Floods derail growth

As Southern Africa braces for cyclones and more heavy rains, economic analysts warn that the floods already engulfing the region are likely to impact badly on inflation and other fundamental economic indicators.

“Naturally, the floods will have an effect,” says Oliver Saasa, a consultant economics professor at the University of Zambia.

He says the floods have affected productivity levels in key sectors, such as mining and agriculture, and could trigger higher prices for basic commodities across the region.

“Once productivity is derailed, especially in agriculture, there is the likelihood that food security will be threatened and this will negate inflation targets for this year.”

Despite being hardest hit by the HIV/Aids pandemic and chronic poverty, most countries in Southern Africa have in recent years recorded steady annual economic growth of varying levels.

Zambia, for instance, has in the past five years registered an annual growth rate of 5%, seen the cutting of its inflation to single digits after more than three decades of double-digit inflation and the kwacha has appreciated against foreign currencies on the back of strong investment in the country’s mining and manufacturing sectors.

The country also recorded a surplus harvest of its staple crop, maize. Last year a large part of the crop was exported to neighbouring Zimbabwe, Democratic Republic of Congo, Tanzania and South Africa.

But the floods are sinking hopes of another bumper harvest, as heavy rains continue to pound the agricultural rich regions of the country.

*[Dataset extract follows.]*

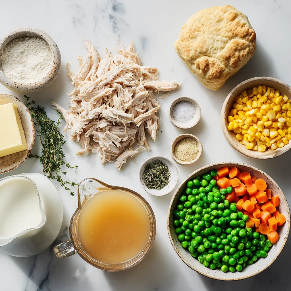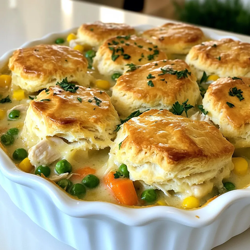 To make this warm and tasty dish, gather these ingredients: - 2 cups cooked chicken, shredded - 1 cup frozen mixed vegetables (peas, carrots, corn, beans) - 1 cup chicken broth - 1 cup milk - 1/3 cup butter - 1/3 cup all-purpose flour - 1 teaspoon garlic powder - 1 teaspoon onion powder - 1/2 teaspoon dried thyme - Salt and pepper to taste - 1 can (about 10 ounces) refrigerated biscuit dough - Fresh herbs (parsley or thyme) for garnish Choosing fresh ingredients is key for great taste. Here are some tips: - Chicken: Use cooked chicken from a rotisserie for great flavor. You can boil or bake chicken breasts if you prefer. - Vegetables: Pick frozen mixed vegetables without added sauces. They’re quick and keep their nutrients. - Broth and Milk: Use low-sodium chicken broth for more control over salt. Whole milk gives a creamy texture. - Herbs: Fresh herbs add brightness. Look for vibrant colors and no brown spots. If you want to mix things up, here are some alternatives: - Chicken: Swap in turkey or even cooked sausage for a different flavor. - Vegetables: Use fresh veggies like bell peppers or mushrooms instead of frozen ones. - Broth: Vegetable broth works well if you want a lighter taste. - Dough: Make homemade biscuits if you want a personal touch. They will add a special flavor. {{ingredient_image_1}} This dish requires a few simple steps. First, you need to gather all your ingredients. Make sure your chicken is cooked and shredded. This recipe takes about 15 minutes to prep, so you can start with the filling while the oven preheats. 1. Preheat the oven to 375°F (190°C). This ensures your pie cooks evenly. 2. Melt the butter in a large saucepan over medium heat. Once melted, add the flour, garlic powder, onion powder, salt, and pepper. Stir to make a roux. Cook this mix for 1-2 minutes until it turns golden. 3. Whisk in the chicken broth and milk slowly. Keep stirring until the mixture thickens. It should bubble gently. 4. Add the shredded chicken and frozen vegetables to the thickened sauce. Stir well and let it simmer for about 5 minutes. Taste and adjust the seasoning with salt, pepper, and thyme. 5. Transfer the chicken mixture into a 9-inch pie dish. Spread it out evenly. 6. Open the biscuit dough can and separate the biscuits. Place them on top of the chicken mix. Make sure to cover the surface evenly. 7. Bake in the oven for 20-25 minutes. The biscuits should turn golden brown and be cooked through. 8. Remove from the oven and let it cool slightly before serving. You can garnish with fresh herbs like parsley or thyme for extra flavor. Enjoy this comforting dish with family or friends! When making Biscuit Chicken Pot Pie, avoid these common pitfalls: - Skipping the Roux: A good roux is key. It thickens the sauce. Skipping it leads to a runny filling. - Overcooking the Vegetables: Frozen mixed veggies cook fast. Add them at the right time to keep their crunch. - Not Seasoning Enough: Taste as you go. If you don’t season well, the dish can taste bland. - Ignoring the Biscuit Dough: Don't stack biscuits too close. They need room to puff up and brown. Making a roux is simple. Here’s how to do it right: 1. Melt Butter: Start with melted butter in a pan. 2. Add Flour: Whisk in flour quickly to avoid lumps. 3. Cook: Stir for 1-2 minutes until golden. This builds flavor. 4. Whisk in Liquid: Slowly add chicken broth and milk. Keep stirring to avoid clumps. The roux should be smooth and thick. This step gives your pot pie a rich flavor. Seasoning makes a big difference. Try these tips: - Use Fresh Herbs: Fresh parsley or thyme adds bright flavor. Add it just before serving for the best taste. - Experiment with Spices: Garlic powder and onion powder are great, but don’t stop there. Try adding a dash of paprika for warmth. - Balance the Salt: Start with a little salt and pepper. Taste and adjust as needed. Too much salt can ruin the dish. - Add Citrus: A squeeze of lemon juice brightens the flavors. Just a little can make a big impact. These tips will help you create a Biscuit Chicken Pot Pie that is full of flavor and comfort. Pro Tips Use Leftover Chicken: This recipe is perfect for utilizing leftover rotisserie chicken or any other cooked chicken you have on hand, making it a great way to save time and reduce waste. Customize Your Vegetables: Feel free to swap in your favorite vegetables or whatever you have in the fridge. Broccoli, bell peppers, or green beans can add great flavor and color. Perfect Biscuit Topping: For extra flavor, brush the biscuit tops with melted butter and sprinkle with garlic powder or herbs before baking. Make It Ahead: You can prepare the chicken and vegetable mixture ahead of time. Just assemble with the biscuits and bake when you're ready to serve. {{image_2}} You can switch up the protein in your pot pie. Try turkey or beef for a twist. You can also use cooked sausage for a hearty flavor. Just ensure the meat is cooked before adding it to the sauce. This small change makes the dish fun and keeps it interesting. For a vegetarian version, replace the chicken with hearty veggies. Use mushrooms, zucchini, or even chickpeas for protein. Keep the mixed vegetables for color and taste. You can add more herbs like rosemary or basil to enhance the flavor. This option is perfect for meatless meals and is still very satisfying. If you need a gluten-free meal, swap the all-purpose flour. Use a gluten-free flour blend instead. Make sure the biscuit dough is gluten-free too. Some stores offer good gluten-free biscuit options. You can also thicken the sauce with cornstarch mixed in cold water. This keeps the rich taste while being safe for those with gluten issues. To keep your Biscuit Chicken Pot Pie fresh, store it in an airtight container. Make sure to let it cool down before sealing. This helps keep the texture nice. Place it in the fridge within two hours of cooking. It will stay good for about three to four days. If you want to save some for later, freezing i

“Agriculture is the mainstay of every growing economy and … the majority of Zambians. Any disturbance in production is expected to adversely affect the population at large,” says Guy Robinson, president of the Zambia National Farmers’ Union.

“At this stage it is too early to assess the exact damage to crops, since some areas are still flooded and inaccessible, but our crop harvest will definitely be affected because some farmers, including large-scale farmers, have had their crops extensively damaged.”

Thousands of people have been displaced, agricultural land submerged and livestock lost in torrential rains, which have struck Mozambique, Zimbabwe, Malawi and Zambia since October last year.

A recent report by the United Nations Office for the Coordination of Humanitarian Affairs (Ocha) says flooding remains a major concern in the region, with river levels continuing to rise above seasonal averages almost everywhere.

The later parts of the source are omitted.